Immediately after ground impact, an intense, post-crash fire broke out and the aircraft was consumed almost completely. The airframe, engine, and aircraft systems were examined to the degree possible. No indication of any airframe failure or system malfunction was discovered.
The pilot was certified and qualified for the flight in accordance with existing regulations. There was no indication that incapacitation or physiological factors affected the pilot's performance.
Information gathered indicated that there were no airframe failures or system malfunctions prior to or during the flight and that the engine was operating.
The tower was appropriately painted. Its lighting was in accordance with existing regulations and was turned on at the time of the accident. Its location was depicted on the map used by the pilot for navigation.
The weather information available to the pilot prior to the occurrence flight was adequate and accurate. There was no indication that deteriorating weather conditions were encountered on the flight from Temagami to Boyce Lake; however, on the return trip, the pilot encountered an area of showers and reduced visibility.
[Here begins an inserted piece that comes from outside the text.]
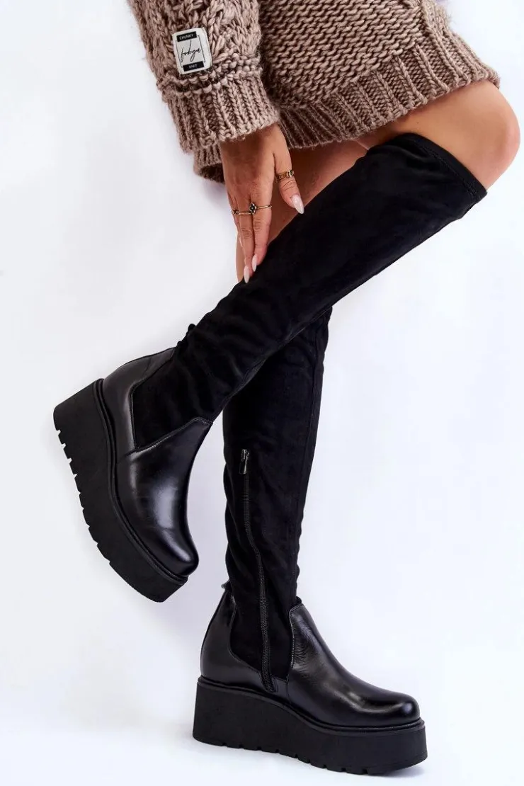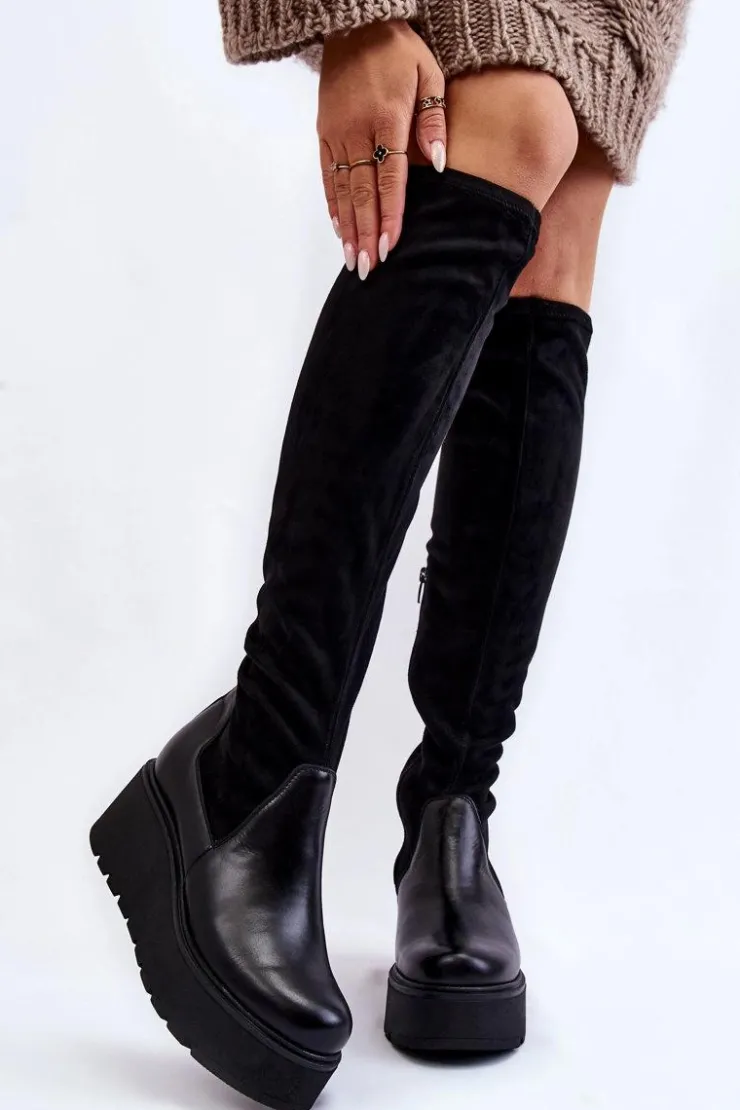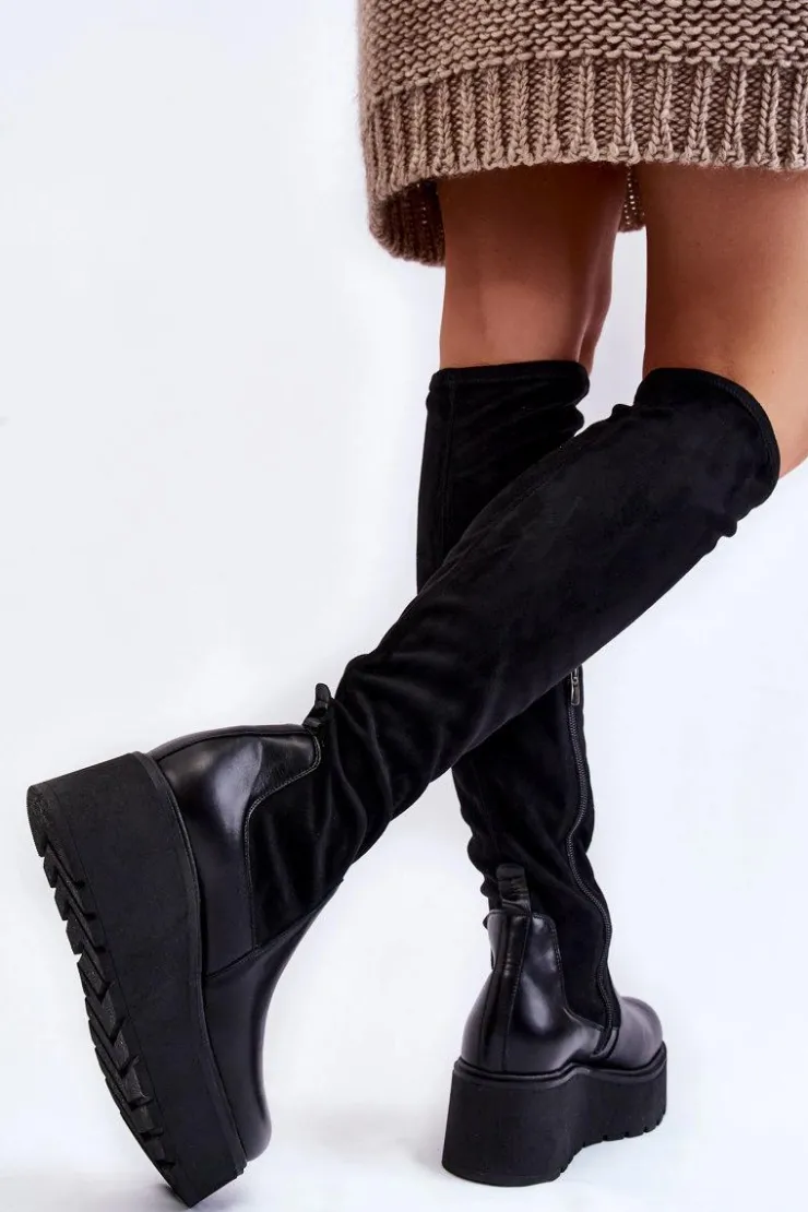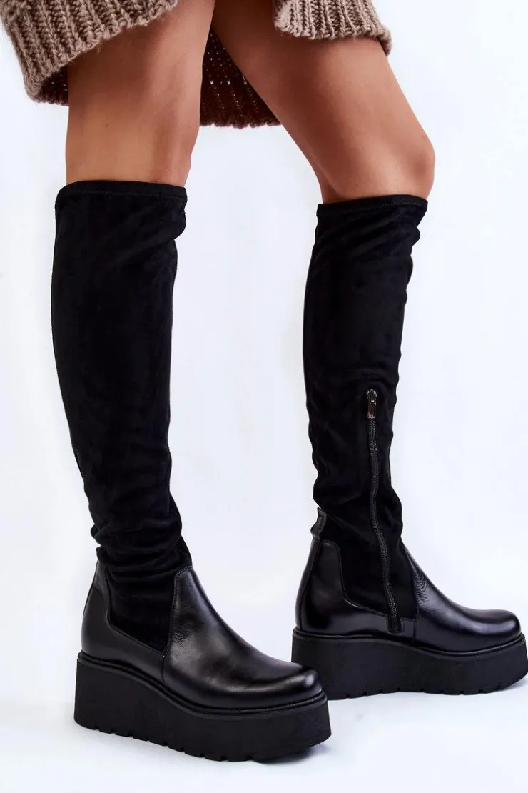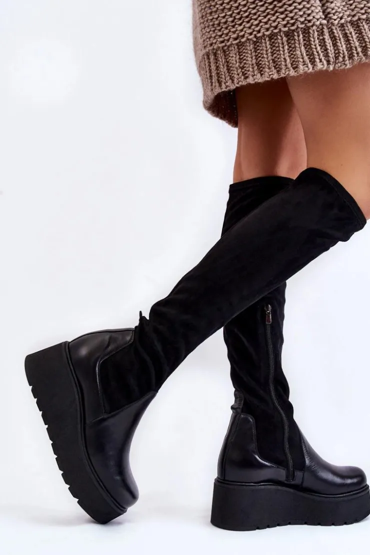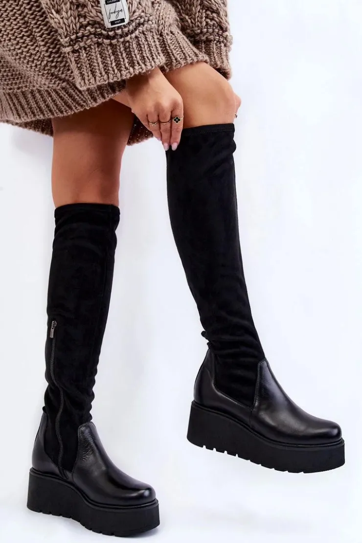 Damskie kozaki marki Laura Messi zostały wykonane z połączenia naturalnej skóry oraz materiału tekstylnego. Model ten posiada skórzaną wkładkę oraz usztywniany zapiętek. Kozaki są wsuwane, z dodatkowym suwakiem z boku cholewki. Osadzone na koturnie oraz masywnej platformie. Podeszwa wykonana z gumowego tworzywa jest antypoślizgowa. Przy wyborze rozmiaru prosimy sugerować się tabelą rozmiarów.

The pilot likely did not see the tower and anchor cables in time to avoid the collision.
Findings as to Causes and Contributing Factors
- The pilot continued flight in deteriorating meteorological conditions and likely did not see the tower and anchor cables in time to avoid the collision.
- The pilot was certified and qualified for the flight in accordance with existing regulations.
- There was no indication that incapacitation or physiological factors affected the pilot's performance.
- No indications of any airframe failure or system malfunction prior to or during the flight were found.
- The tower painting and markings were appropriate for the structure, in accordance with regulations. The lighting was reported as functioning at the time of the accident. The tower appeared on the map used by the pilot to navigate.
This report concludes the Transportation Safety Board's investigation into this occurrence. Consequently, the Board authorized the release of this report on 31 August 2000.
1. For Area Forecasts (FA), all heights are above sea level (asl) unless otherwise noted. For aviation routine weather reports (METAR) and TAFs, all heights are in feet above ground level (agl); all visibilities in statute miles (sm); all wind directions are in degrees True (T); and all wind speeds are in knots (kt).